Konsekuensi besar harus ia hadapi sepanjang hidupnya sebagai ibu Yesus, sebagaimana dinubuatkan oleh Simeon (Lalu Simeon memberkati mereka dan berkata kepada Maria, ibu Anak itu: "Sesungguhnya Anak ini ditentukan untuk menjatuhkan atau membangkitkan banyak orang di Israel dan untuk menjadi suatu tanda yang menimbulkan perbantahan - dan suatu pedang akan menembus jiwamu sendiri --, supaya menjadi nyata pikiran hati banyak orang. – Luk 2:34-35). Namun demikian, Maria selalu siap untuk semua konsekuensi itu, bahkan ia selalu setia untuk jawaban “ya” atas pilihan dan panggilan Allahnya.

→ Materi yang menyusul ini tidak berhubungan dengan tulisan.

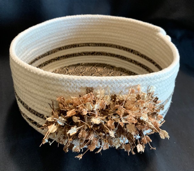 LaVerne Lewis is Founder/CEO of Women-SEW Global Foundation, a nonprofit that creates “global awareness and a response to women and girls, specifically immigrant and refugee, engaged in sewing collectives with intended outcomes of economic and leadership empowerment.” Early Inspirations – I learned to sew from my mother, on her old treadle sewing machine, making aprons and doll clothes. I was sewing and knitting by the age of 15, making most of my school clothes and my wedding dress. My mother and grandmother quilted by hand, but I was born to machine sew and quilt…and I love everything quilty, the colors, the fabric, the touch of fabric and the mesmerizing eye candy of threads in every shade, weight and size. I love mixing the medium of all kinds of fabric, not just cottons, but suedes, velvets and wools. For a while, I enjoyed making bed quilts for family and friends, but quickly discovered I could play by mixing the medium and have more fun with art quilts. For me, the fun is in the creating, the playing, the ‘trying new things’ and seeing how it all evolves. Sometimes, I will start a piece, hang it up and ponder; creativity is ongoing, fluid and expansive, never stagnant. Other times, I will finish a piece in one setting. I prefer not to do repetitive pieces, I may use the same pattern, like my zipper pouches, but I like to mix it up, change the colors, the fabric or add beads, charms or buttons. I also love making handbags of all shapes and sizes, such as free-form purses, tote bags, upcycle technique bags, and embroidery designed purses. Other thoughts – I love the colors of autumn and fall. Brown, oranges, greens, burgundy, and of course, burnt sienna; now there’s a color from the 60s in my box of crayons. My creations are created with emphasis on the color, fabric, thread, quality workmanship and the embellishment. Most of my ideas come from magazines, watching YouTube sewing and taking classes from professionals. I love quilt retreats, which is where I have learned an enormous amount of handy tips and time-saving ideas in fixing my goofs.
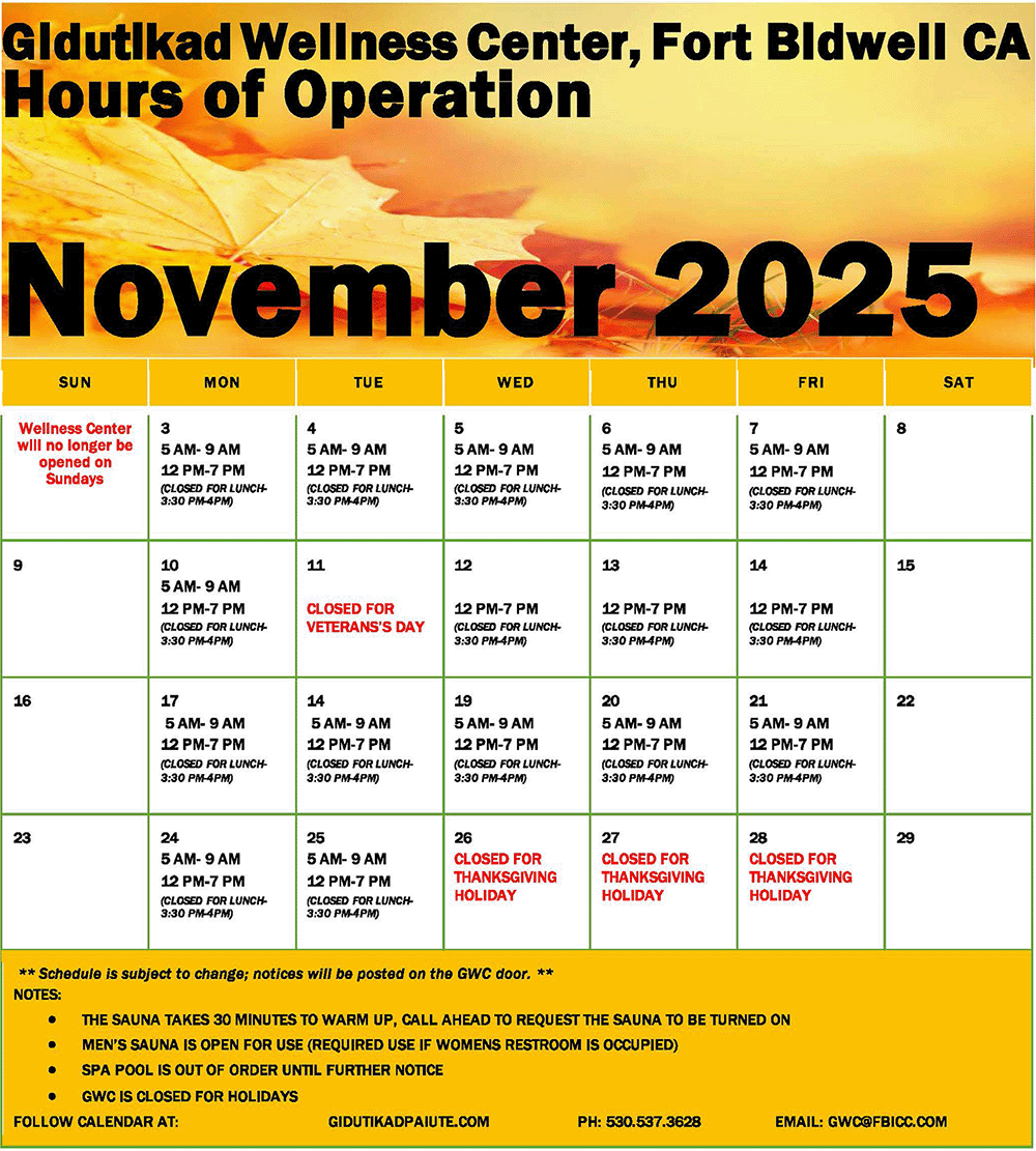 MISSION STATEMENT- To provide all Northern Paiute Numa Gidutikad Band with opportunities for self-sufficiency through economic development by promoting education and workforce development, well-being, and historical preservation to integrate our cultural values and beliefs into our daily lives for future generations.
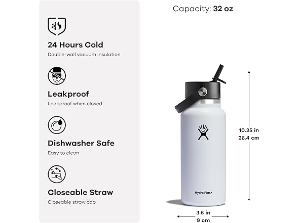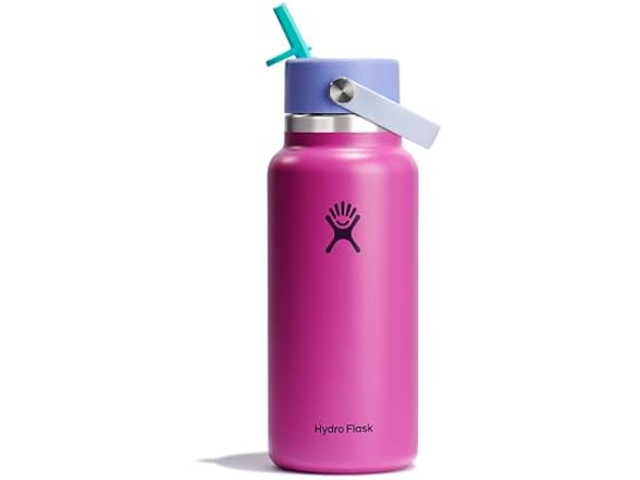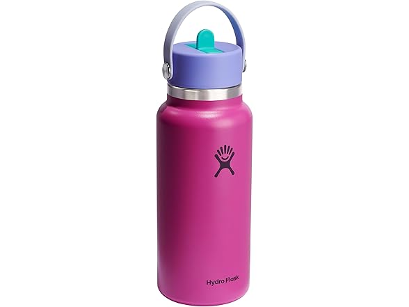 Hydro Flask Water Bottle - Insulated Stainless Steel - Wide Mouth Flex Straw Lid, Non Spill, Leakproof and Refillable in 32oz Holiday Punch
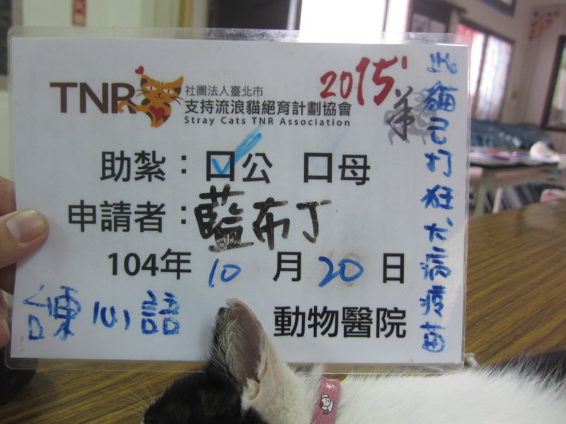 這隻貓咪是在台東市很著名的鯉魚山公園,有超多浪貓,在志工幫忙下誘捕到,慶幸的是有這TNR協會對於浪浪貓的照顧~
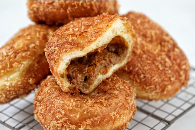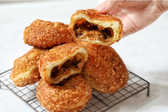 サクサクの衣がついた生地に、ゴロゴロとした具沢山のカレーフィリングを詰めました。牛肉やオニオンが入った甘口のカレーを使用し、どなたでもお召し上がりやすい味わいに仕上げました。
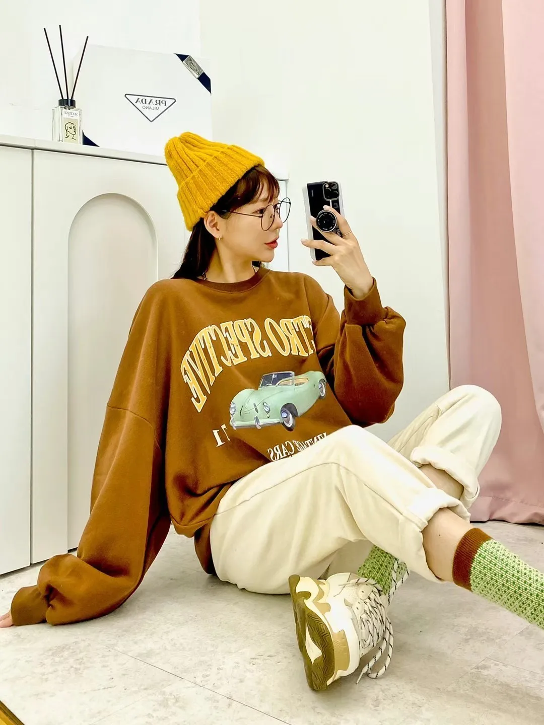 CS521許願款復古老爺車大學T 灰 黃 咖 線上價$460 官網價$480

Dalam hal ini kita dapat melihat bahwa kerendahan hati Maria terwujud dalam kerelaan untuk menerima dan menghayati panggilan Allah dalam hidupnya, apapun itu resikonya, sampai paripurna. Ia tidak mengeluh dan mengelak, sebab ia percaya bahwa kuasa Allah yang Mahatinggi menaunginya sepanjang hidupnya (Jawab malaikat itu kepadanya: "Roh Kudus akan turun atasmu dan kuasa Allah Yang Mahatinggi akan menaungi engkau; sebab itu anak yang akan kaulahirkan itu akan disebut kudus, Anak Allah. – Luk 1:35) Dalam kepercayaannya, ada sikap penyerahan total kepada Allahnya, dalam kerendahan hatinya ada kesetiaan dan ketekunan untuk menghayati jawaban “ya” dalam seluruh hidupnya.

Semoga dalam kerendahan hati yang sama, kita juga dapat menghayati jawaban “ya” atas panggilan hidup kita masing-masing sebagai awam ataupun religius, dengan setia dan tekun sampai akhir. Dan sampai akhir pula selalu bergema perkataan Maria dalam hidup kita, “jadilah padaku menurut perkataan-Mu itu” Kiranya Tuhan memberkati upaya kita semua, untuk dapat hidup dalam sikap kerendahan hati, Amin.